The Ethnography and Art gallery has exhibits of the different cultures of the country. Handicrafts and musical instruments are part of this gallery.

The History gallery traces the origins of the Bantu people, the era of British colonial rule and the period until Zambia achieved independence from the colonial rule. Also on display are exhibits of endemic animals as seen in their natural habitats in Zambia.

The Livingstone gallery has an extensive collection of David Livingstone memorabilia, which were donated by the Livingstone family. The museum also has a large library of books on archaeology and wildlife and also some of the journals published by Livingston.

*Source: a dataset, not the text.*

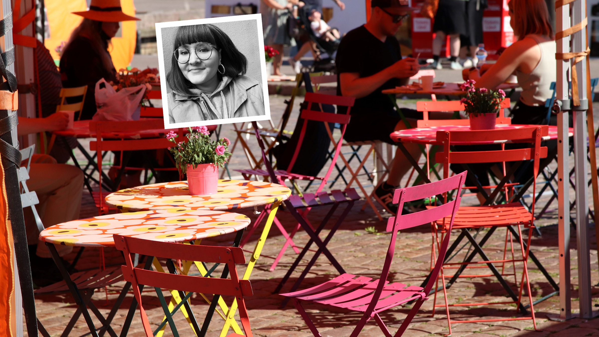 Minulle tärkeä paikka on myös Hakaniemen tori, jossa käyn kesäisin aamukahvilla. Ostan torilta vihanneksia ja kukkia. Myös Hakaniemen halli on minulle rakas. Torista tulevat mieleen lapsuuden kesät, 90-luvun Suomi.

The museum often has special exhibits; the witchcraft exhibit was said to be "especially interesting, if somewhat hair-raising." It also features sculptures and paintings by Zambian artists.

==Publications==
The museum started publishing "Occasional Papers" from 1948 but published the 16 papers in 1967 as a new series titled "Zambian Museum Papers", based on extensive research of Zambia's prehistory, history, ethnography and natural history. These papers were authored by specialists in each field. The papers provide substantial information on each of the large number of labelled exhibits systematically displayed in the museum.
- no.1 The material culture of the Fort Jameson, Ngoni.

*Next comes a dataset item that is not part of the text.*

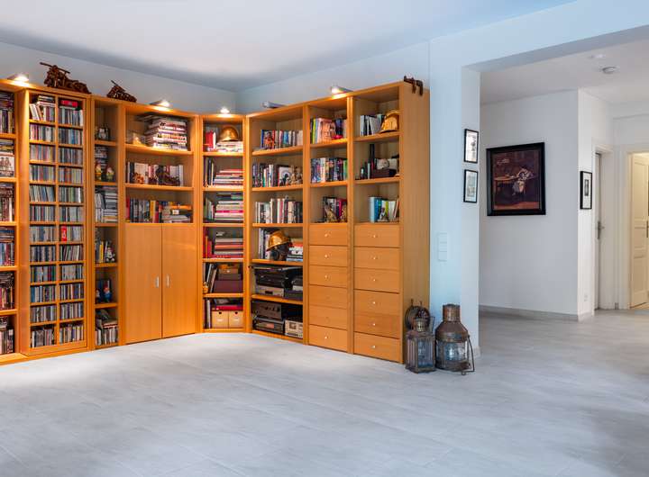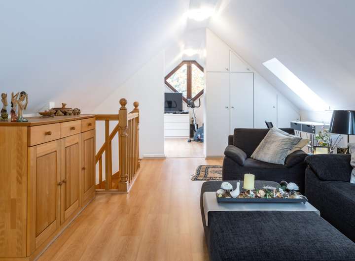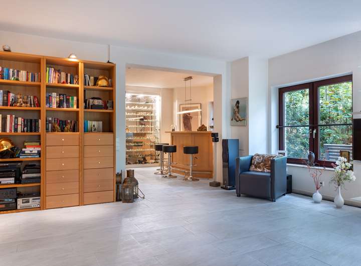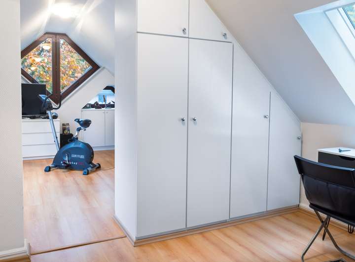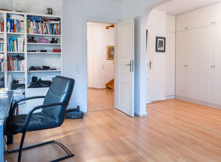Im Obergeschoss erwarten Sie ein sehr geräumiges Schlafzimmer, ein Büro sowie eine komfortable Ankleide, die den privaten Bereich angenehm strukturiert. Das große Dachstudio mit etwa 40 m² eröffnet vielseitige Nutzungsmöglichkeiten, sei es als Jugendzimmer, Atelier oder ruhiger Arbeitsraum. Das Souterrain erweitert das Haus um einen Hobbyraum, ein Bad und weitere Flächen, die perfekt für Spielbereiche, Fitness oder Gäste geeignet sind.

- no.2 African dances of Northern Rhodesia.
- no.3 The material culture of the Lunda-Lovale peoples.-
- no.4 African music in Northern Rhodesia and some other places.
- no.5 Trade routes, trade and currency in East Africa.

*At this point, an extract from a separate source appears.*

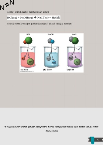 N N Berikut contoh reaksi pembentukan garam Bentuk submikroskopik persamaan reaksi di atas sebagai berikut: “Belajarlah dari Barat, jangan jadi peniru Barat, tapi jadilah murid dari Timur yang cerdas” -Tan Malaka 5

- no.6 Life among the cattle-owning Plateau Tonga: The material culture of a Northern Rhodesia native tribe.
- no.7 The discovery of Africa: A history of the exploration of Africa as reflected in the maps in the collection of the Rhodes-Livingstone Museum.
- no.8 Some pioneer missions of Northern Rhodesia and Nyasaland.
- no.9 David Livingstone: A short portrait of the great missionary-explorer.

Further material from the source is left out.